Kate hoped that no one heard the tiny groan that escaped her lips.

‘Thank you,’ Beattie said, in tears now. ‘You’re very kind.’

‘It’s nothing.’ Mark patted her awkwardly on the shoulder. ‘Kate, have we got something we can clean Claire here up with a bit?’

‘Of course,’ Kate said. She ran up the stairs to her bathroom, her head reeling. Here was another fiction – the mugging – that she and Beattie had to maintain for the evening. She hoped they both were up to it.

Mustn’t drink too much, she told herself.

As she climbed back down to the living room with the first-aid box and Dettol, Beattie’s gruff voice rose up the stairs to greet her.

‘. . . And she was so clever at school – straight A’s all the way!’

She entered the room and found Mark and Tilly sitting on the armchairs facing Beattie, who was now lying back down on the sofa.

‘Such a pity she had to leave before her A Levels. It was awful what happened to her parents – they were such sweet people. Always welcomed me into their home. I was a little lost, being an outsider – my father’s firm moved him from New York to set up the UK branch when I was fifteen. We only stayed three years in the end. Oh, hi, Kate.’

Kate put a thin smile on her face. At least Beattie had taken the burden of leading the stories off her shoulders.

‘That’s the most I’ve ever heard about Mr and Mrs Brown. Kate prefers not to talk about the past,’ Mark said.

‘It’s not my favourite subject,’ Kate said, filling a bowl with boiled water.

‘I would like to have known her back then, though.’

Kate couldn’t read the look Mark gave her. Was there regret in it? Or just curiosity? Did he find the present-day Kate lacking? She poured a good slug of Dettol into the water.

‘She was quite something,’ Beattie said, looking at Kate warmly.

‘I bet she was.’

‘Enough!’ Kate said, blushing as she brought the bowl and first-aid box over to Beattie.

‘I’ll sort out the food,’ Mark said, discreetly moving over to the kitchen so that Kate and Tilly could help Beattie off with her tights.

‘I’m so sorry, you guys,’ Beattie said. ‘Messing up your evening like this.’

‘It’s hardly your fault,’ Tilly said.

Beattie winced as Kate set to work on her knees with the Dettol water and tweezers, dabbing and picking bits of grit out of the gouges.

‘So you went back to the States then, after Gloucestershire?’ Tilly asked her.

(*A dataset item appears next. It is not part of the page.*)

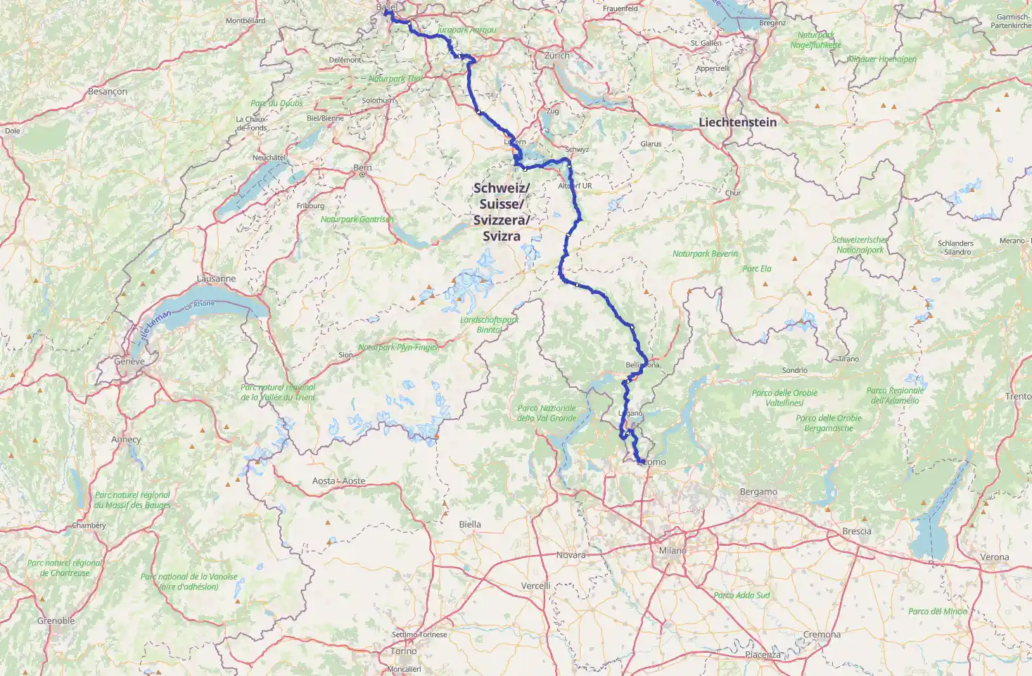 Die Nord-Süd-Route führt durch die grossen Schweizer Landschaftsräume Jura, Mittelland, Zentralschweiz und über die Alpen in die Südschweiz. Sie folgt dabei zahlreichen historisch und kulturell bedeutenden Verkehrswegen und Ortschaften.

Kate held her breath – she had forgotten to warn Beattie that she had relocated her childhood to the Cotswolds. But she didn’t miss a beat.

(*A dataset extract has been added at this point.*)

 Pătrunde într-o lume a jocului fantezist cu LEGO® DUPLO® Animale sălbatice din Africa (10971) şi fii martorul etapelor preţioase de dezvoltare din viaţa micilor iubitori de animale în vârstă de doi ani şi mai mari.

‘Yep, to Minnesota. We were forever moving around.’

‘Lucky you,’ Tilly said. ‘I’ve never been anywhere really.’

‘Apart from to stay with your uncle in New York and to West Africa to visit the school,’ Kate said, putting plasters on Beattie’s wounds.

‘But mostly we just go to Cornwall,’ Tilly said, rolling her eyes.

‘We’ve got a house there,’ Kate said.

‘How lovely,’ Beattie said.

‘Open a bottle of red, will you?’ Mark called over to Kate from the kitchen.

When Kate returned to the sofa with the wine, corkscrew and glasses, she found Tilly sitting on the floor telling Beattie about her Greek plans. With all the stress and excitement of Beattie’s predicament, she had nearly forgotten that tomorrow was the day her daughter was leaving.